GIVEN INFORMATION:
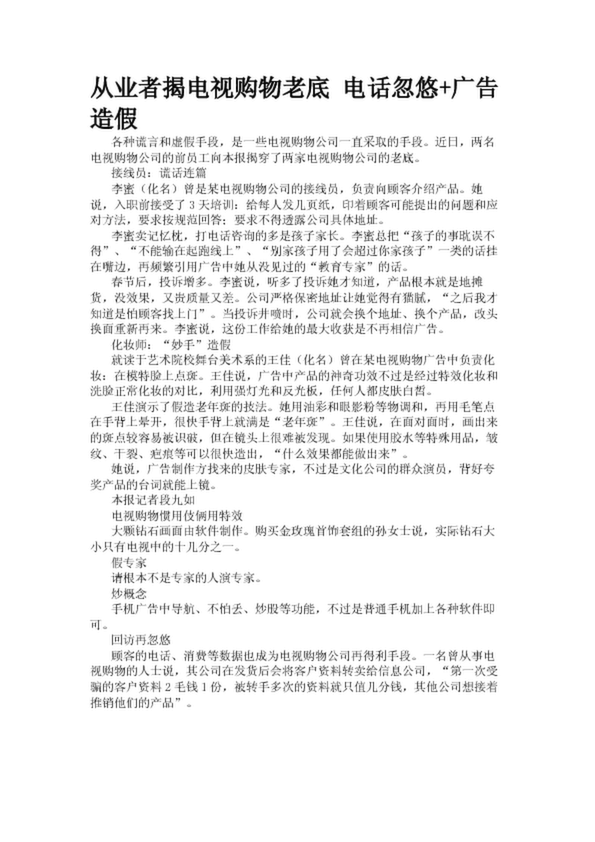 從業者揭電視購物老底 電話忽悠+廣告造假
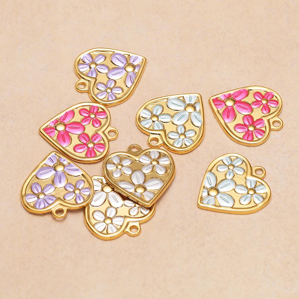 4pcs Stainless Steel Daisy Enamel Flower Hearts Charms for DIY Girls Jewelry Findings Women Necklace Pendants Earrings Making
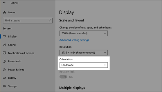 Select Start  > Settings  > System > Display, and choose a screen orientation from the drop-down list labelled Orientation.
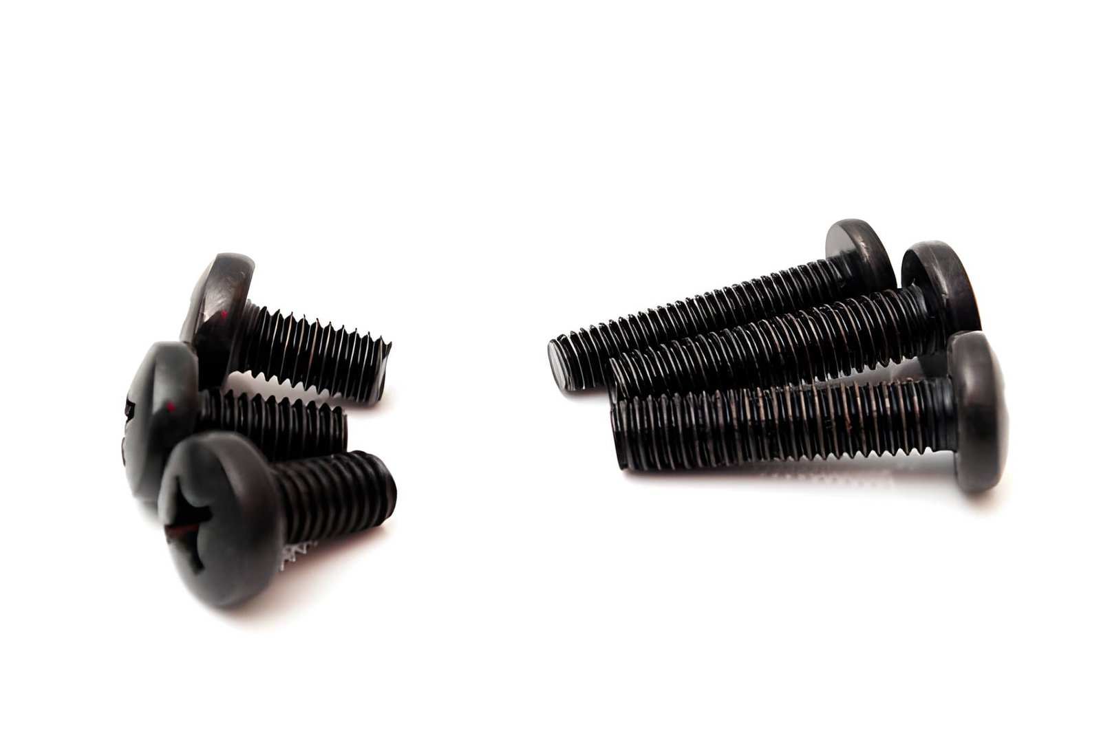 Image Description: The image shows steel screws finished with black zinc plating. The coating provides corrosion resistance and a uniform black surface commonly used in mechanical and industrial assemblies.
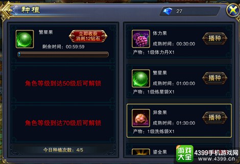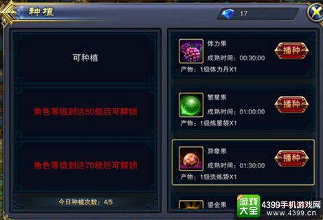 种植栏:当玩家角色分别达到30级,50级,70级,系统会自动多开放一个种植栏,最多可开放3个种植栏。
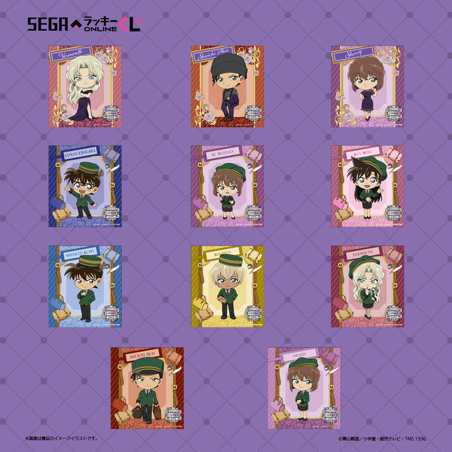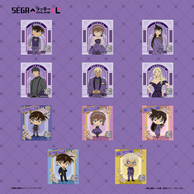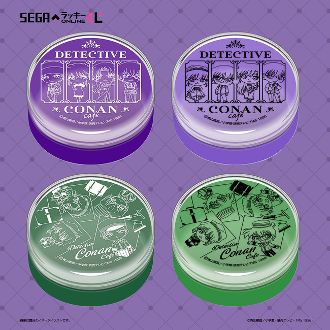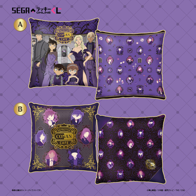 「名探偵コナンカフェ」は、大ヒット上映中の「劇場版『名探偵コナン 黒鉄の魚影(サブマリン)』」を記念して、全国7都市10会場にて開催されているテーマカフェです。カフェのメインビジュアルである、ヴァイオレットとブラックの衣装を身にまとったキャラクターたちの描き下ろしイラストをモチーフとして、「セガ ラッキーくじオンライン」では賞品を多数ご用意いたしました。
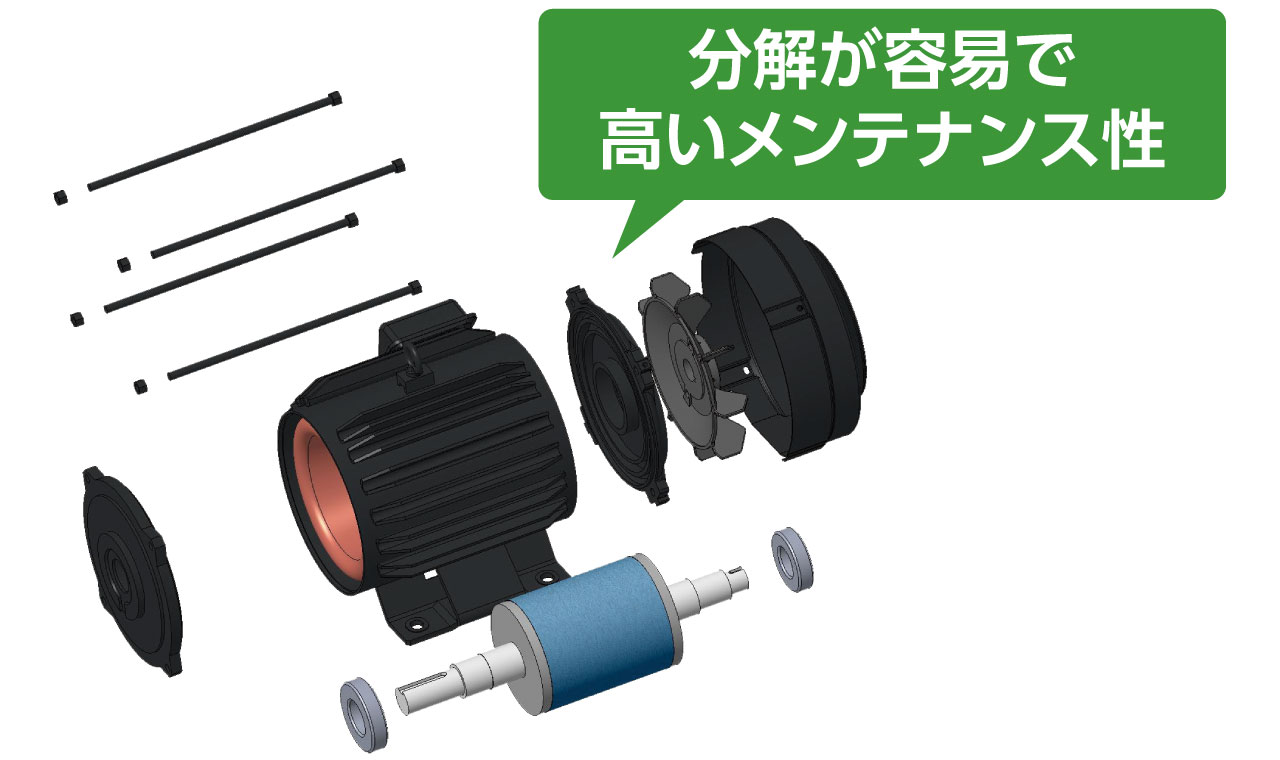 - 永久磁石レス構造のため、モータの分解が容易で高いメンテナンス性を実現しました。

WHAT YOU HAVE TO DO: We ask that the entries above be copied exactly, with the pictures omitted.

OUTPUT:
 從業者揭電視購物老底 電話忽悠+廣告造假
 4pcs Stainless Steel Daisy Enamel Flower Hearts Charms for DIY Girls Jewelry Findings Women Necklace Pendants Earrings Making
 Select Start  > Settings  > System > Display, and choose a screen orientation from the drop-down list labelled Orientation.
 Image Description: The image shows steel screws finished with black zinc plating. The coating provides corrosion resistance and a uniform black surface commonly used in mechanical and industrial assemblies.
 种植栏:当玩家角色分别达到30级,50级,70级,系统会自动多开放一个种植栏,最多可开放3个种植栏。
 「名探偵コナンカフェ」は、大ヒット上映中の「劇場版『名探偵コナン 黒鉄の魚影(サブマリン)』」を記念して、全国7都市10会場にて開催されているテーマカフェです。カフェのメインビジュアルである、ヴァイオレットとブラックの衣装を身にまとったキャラクターたちの描き下ろしイラストをモチーフとして、「セガ ラッキーくじオンライン」では賞品を多数ご用意いたしました。
 - 永久磁石レス構造のため、モータの分解が容易で高いメンテナンス性を実現しました。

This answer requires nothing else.